OIT Times: Study Examines Growing Trade Deficit in Products of Energy-Intensive Industries

    March 27, 2002

    As the overall U.S. trade deficit has worsened over the past several years, U.S. imports for many commodities produced and used by energy intensive U.S. industries have increased, as well. These are the preliminary results of an OIT-sponsored study by the National Coalition for Advanced Manufacturing (NACFAM).

    The idea for the study originated during a meeting of NACFAM Advanced Manufacturing Leadership Council in late September 2001. In discussing the new national security environment and its potential impacts on U.S. manufacturing, the assembled manufacturers, academics, and policymakers wanted to know just how extensively U.S. manufacturing relies on international trade for input commodities. How much do U.S. manufacturers use foreign sources of materials? What countries supply the materials critical to U.S. manufacturing operations? To what degree have imports penetrated U.S. markets?

    Because of the Leadership Council interest in these questions, OIT asked NACFAM to study import trends for supplies used and products manufactured by most of the energy-intensive industries participating in the Industries of the Future partnership. Accordingly, NACFAM researchers have focused their recent efforts on assessing the trends in international trade flows and resource origins for energy-intensive U.S. manufacturing industries.

    The ongoing study consists of two parts. The first examines the import dependence (defined as the percentage of net imports in domestic consumption) of final products consumed in the U.S. The second part examines the commodity use patterns of the U.S. aluminum, chemicals, forest products, glass, metal casting, and steel industries.

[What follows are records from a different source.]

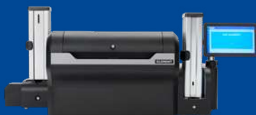
HID ELEMENT UV ink printing system with single input hopper and output stacker

With the registration and verification capabilities of HID ELEMENT's optional camera systems and supporting software integration, all applied visual data and features can be cross-checked for accuracy and precise placement — ensuring credentials are printed and/or engraved as intended and are consistent over large batch runs. Cards that do not pass verification can be sent to a secured reject bin. Individual camera systems are available for both the HID ELEMENT UV ink printing and laser engraving systems.
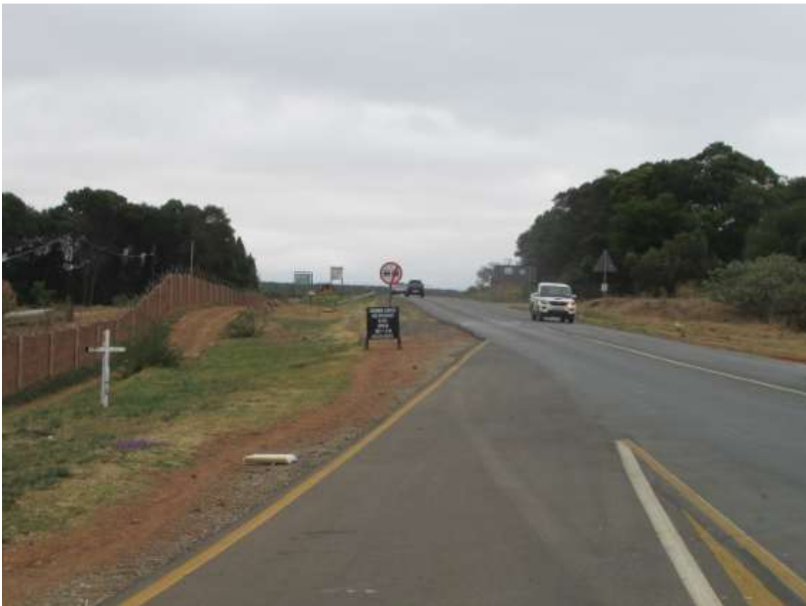
Figure 10: Another general view showing the road and reserves available for the upgrade.
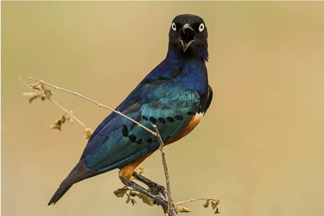
Superb Starling-Sharon Ely
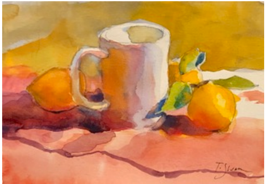
Warm Colors Study. Tim
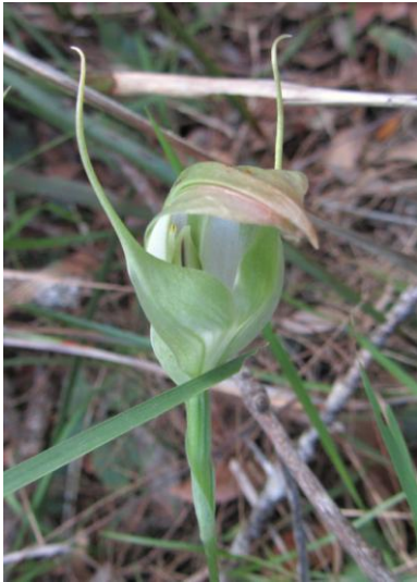
Keeled Greenhood Crangonorchis depauperata (formerly Plerostylis depauperata )

A terrestrial orchid with underground tubers. It has short, ground hugging leaves anywhere from three to seven.
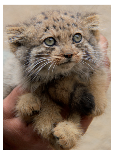
Fig. 5. A Pallas's cat cub perceived as a leopard cub and captured by a local herder in Tandoureh NP in April 2014.

Khabr NP, Yazd Province) or leopard cub (e.g. Tandoureh NP, Razavi Khorasan Province; Fig. 5). Recent conservation prioritization analysis based on evolutionary distinctiveness and globally endangered score has given the Pallas's cat a high priority for research and conservation actions in Iran, i.e. first ranking among Iran's lesser cats and one of top ten country's carnivore species (Farhadinia et al. 2016).
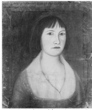
J.5804.133 Lady, pstl/ppr (PC 2016). Attr. φ
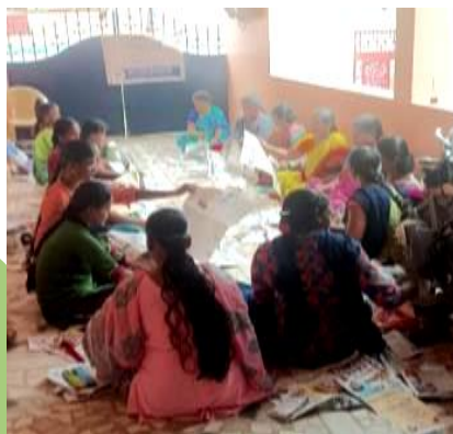
Blouse Cutting - Trichy
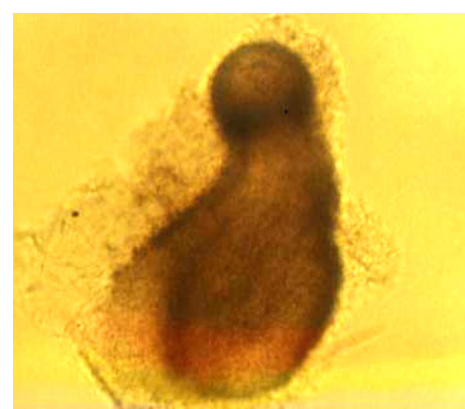
Maz-39 Magnaporthe TH16 ( x ) Mat1-2 grisea
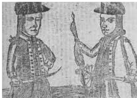
Engraving depicting Daniel Shays (left) and Job Shattuck, another rebel leader
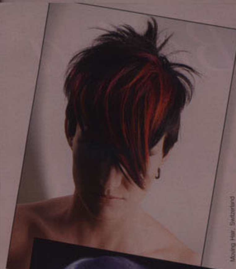
Moving Hair, Switzerland
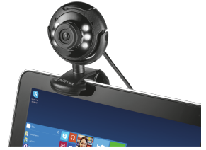
PRODUCT EXTRA 1

    As widely reported in the media, the U.S. trade deficit soared in the latter half of the 1990s, jumping by more than 30% between 1996 and 2000. Not surprisingly, imports rose across the entire spectrum of U.S. industry. The extent to which energy-intensive industries relied on imported final products jumped dramatically between 1997 and 1999. In glass and glass products manufacturing, for example, import dependence rose by more than 350%. Similarly, the forest products industry saw import penetration double in two subsectors: pulp, paper, and paperboard and veneer, plywood, and engineered wood products.Got a question? Call the OIT Clearinghouse. 1-800-362-2086

    As one would expect, relative levels of domestic self-sufficiency vary from one industry to the next, but the overall picture is fairly consistent. In evaluating the degree to which energy-intensive industries rely on imported commodities to produce their final products, the study finds that the U.S. has been running persistent trade deficits in many leading commodity inputs. In the chemical industry, for example, the U.S. runs a trade deficit in 51 of the 101 traded commodities and, between 1996 and 2000, imports jumped 39% in the sectors that provide those commodities. For the steel industry, the U.S. runs a trade deficit in 46 of the 68 traded commodities, and imports in the sectors providing those commodities jumped 52% over the same period. Notably, most of the imported commodities tend to come from countries that are generally considered friendly to U.S. interests.

    The study used the National Input-Output Tables produced by the Commerce Department Bureau of Economic Analysis to identify the leading commodities consumed by each industry. For each leading commodity, researchers then examined import trends over the last ten years, trade balances, and source country information. To complete the picture for each commodity, the study also looked at U.S. output and productivity growth.

    As a next step, NACFAM researchers may work with representatives from the energy-intensive industries to identify the commodities considered most critical to manufacturing operations, and then conduct more detailed analyses on those key commodities. The researchers will present of their findings on May 8 just prior to OIT Customer Day.